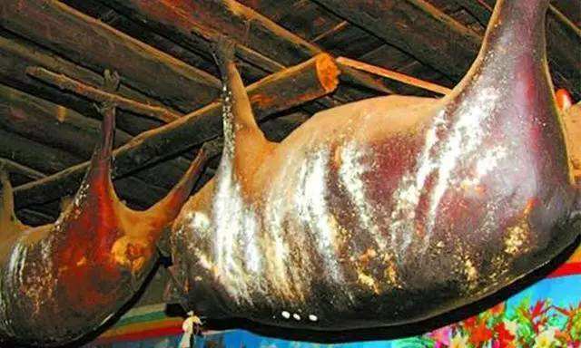 康南則用繩將豬勒死,讓血存于體內(nèi),然后用草點(diǎn)火去毛,于肛門處割一孔,取出內(nèi)臟,用干草或麥子等塞入豬腹內(nèi),用針縫合,縫口處用灶灰摻水?dāng)嚭铣珊芊猓瑨煸谑覂?nèi),待其發(fā)酵,產(chǎn)生臭味時(shí)食用,稱“臭豬肉”。
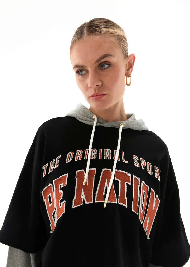 The Wondergoal Hoodie in Black from PE Nation is arelaxed fit hoodie, featuring a double layer silhouette with contrast hood and sleeves. Functional drawstrings in the hood feature gold metal hardware. A soft, medium weight organic cotton hoodie, the Wondergoal is complete with P.E Nation logo aplique at centre front.
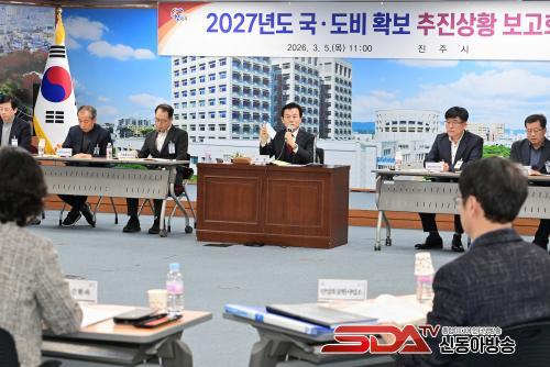[½Åµ¿¾Æ¹æ¼Û °æ³²ÁøÁÖ=±è¸í¼ö±âÀÚ] ÁøÁֽô 5ÀÏ Á¶±ÔÀÏ ½ÃÀå ÁÖÀç·Î ºÎ½ÃÀå°ú ±¹¡¤°úÀå µî °£ºÎ °ø¹«¿øÀÌ Âü¼®ÇÑ °¡¿îµ¥ ¡®2027³âµµ ±¹¡¤µµºñ È®º¸¸¦ À§ÇÑ ÃßÁø »óȲ º¸°íȸ¡¯¸¦ °³ÃÖÇß´Ù.
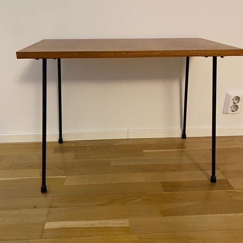 Pöytälevyn pinta on pääsääntöisesti hyvässä kunnossa, kulmassa kulumaa. Jalassa kulumaa. Huomioitu hinnassa.
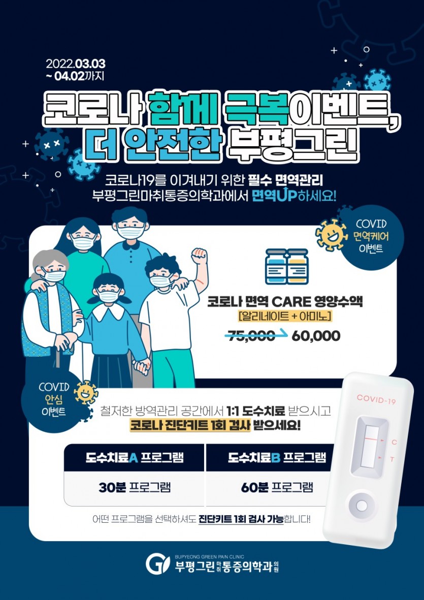 [공지사항] 코로나 극복 이벤트 부평그린이 함께 합니다! 작성일 : 2022.08.29 부평그린마취통증의학과 댓글 : 0 조회 : 2,055 코로나 극복 이벤트 부평그린이 함께 합니다!
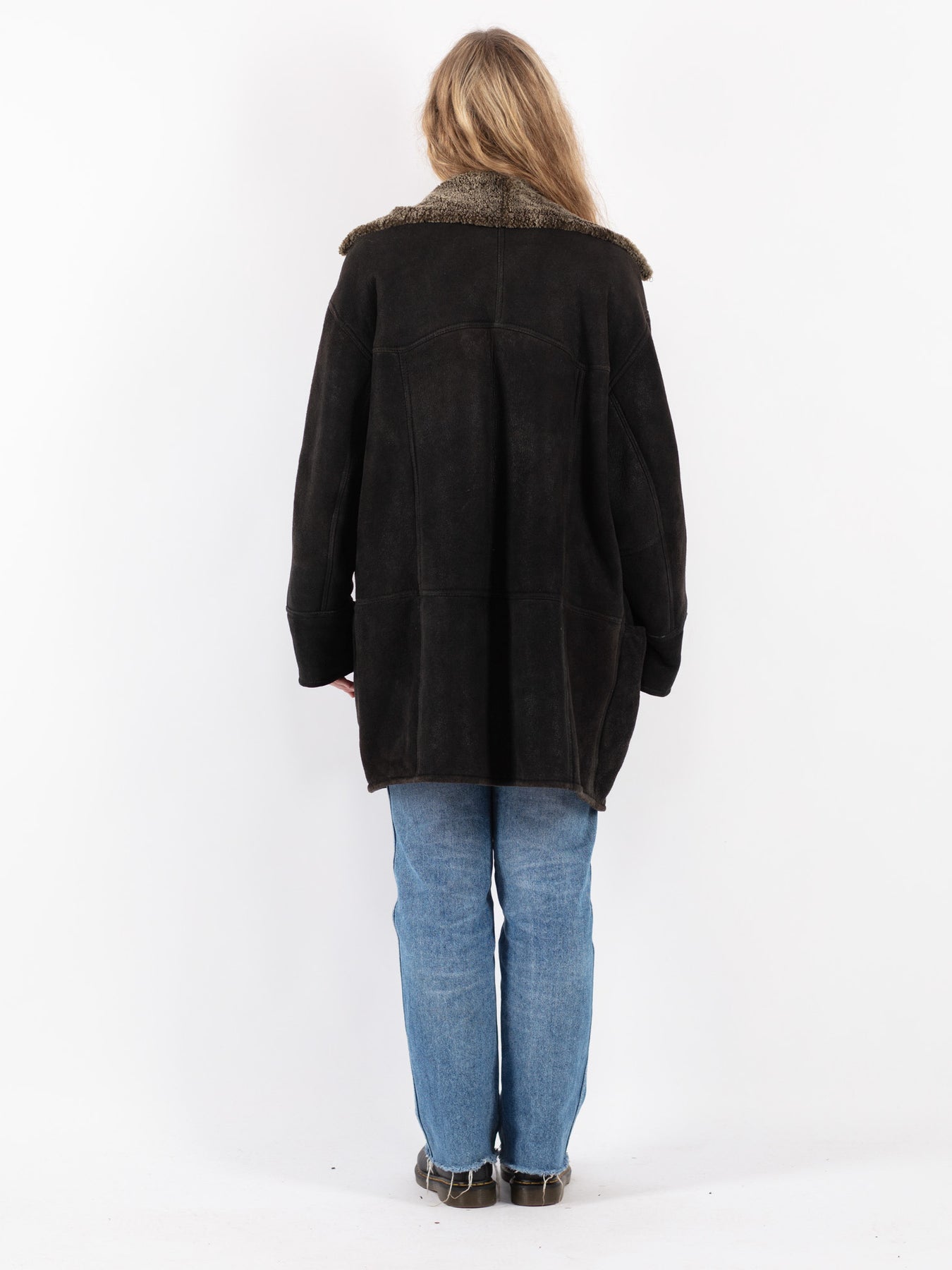 Black Vintage 90's Women Oversized Sheepskin Coat in Black With Free Delivery
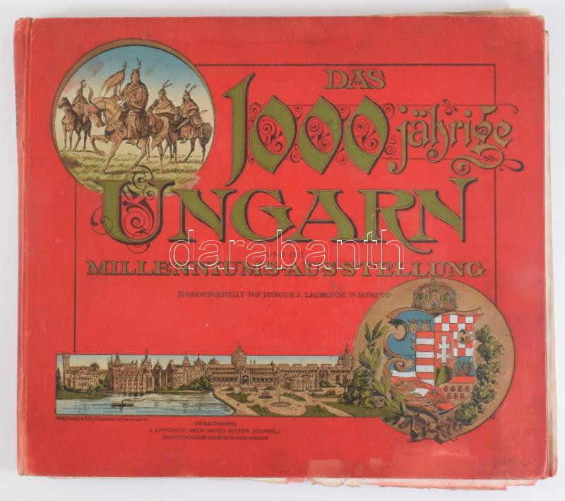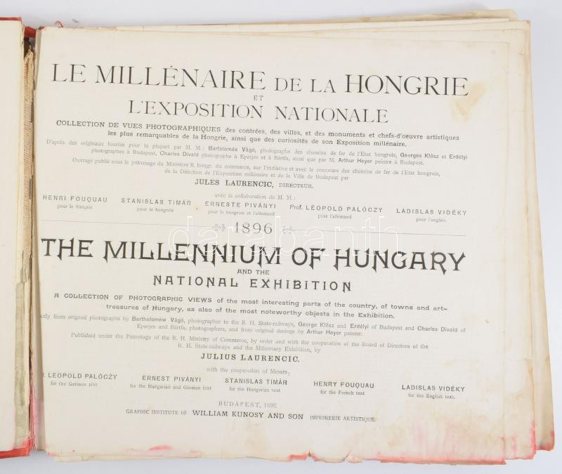 Az ezeréves Magyarország és a milléniumi kiállÃtás. (Das 1000 jährige Ungarn und die Millenniums-Austellung.) Magyarország legszebb tájainak, városainak és műkincseinek valamint a kiállÃtás nevezetességeinek fényképgyüjteménye. Szerk.: Piványi ErnÅ‘, Timár Szaniszló, Palóczy Lipót, Fouquau Henrik, Vidéky László. Kiadja Laurencic Gyula igazgató. Bp., 1896, Kunosy Vilmos és Fia, [4]+192+[2] p. Fekete-fehér képekkel illusztrálva. Magyar, német, francia és angol nyelven. Kiadói illusztrált egészvászon-kötés, szétesÅ‘, rossz állapotban.
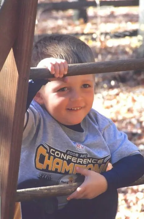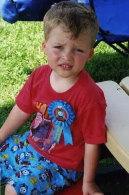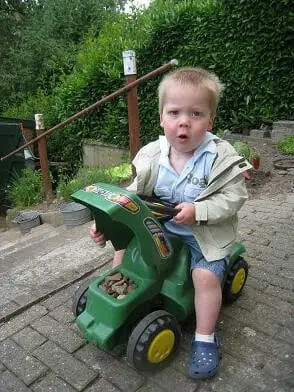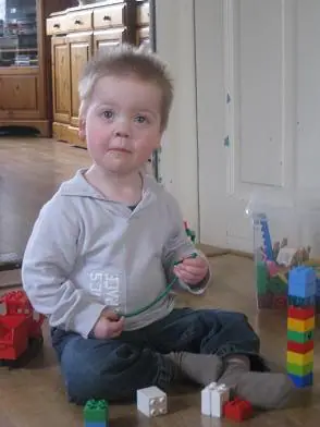それを23か月頃に歩けるようになるまで続けました。現在、彼はほぼ3歳の普通の子供になっています。胴体の回転がまだ制限されているので、振り向くのに少し時間がかかります。バランスの問題もあります。理学療法士は、彼の体のプロポーションがわずかに非典型的なため(頭が大きく、腕が短い)、よく転ぶのだと考えています。彼の腕は可動性が低いので、転んでもなかなか元に戻らず、顔から落ちてしまうことが多いのです。長距離を歩くときには特別なバギーを使います。バギーはまっすぐ座れるように作られていて、転んでも痛くないようにヘルメットをかぶっています。
####################
| Problem to work on |
Copy the lines above between the one holding "[공지사항] 코로나 극복" and the one holding "Black Vintage 90's", inclusive. Drop the pictures.

| Reply to the exercise |
 [공지사항] 코로나 극복 이벤트 부평그린이 함께 합니다! 작성일 : 2022.08.29 부평그린마취통증의학과 댓글 : 0 조회 : 2,055 코로나 극복 이벤트 부평그린이 함께 합니다!
 Black Vintage 90's Women Oversized Sheepskin Coat in Black With Free Delivery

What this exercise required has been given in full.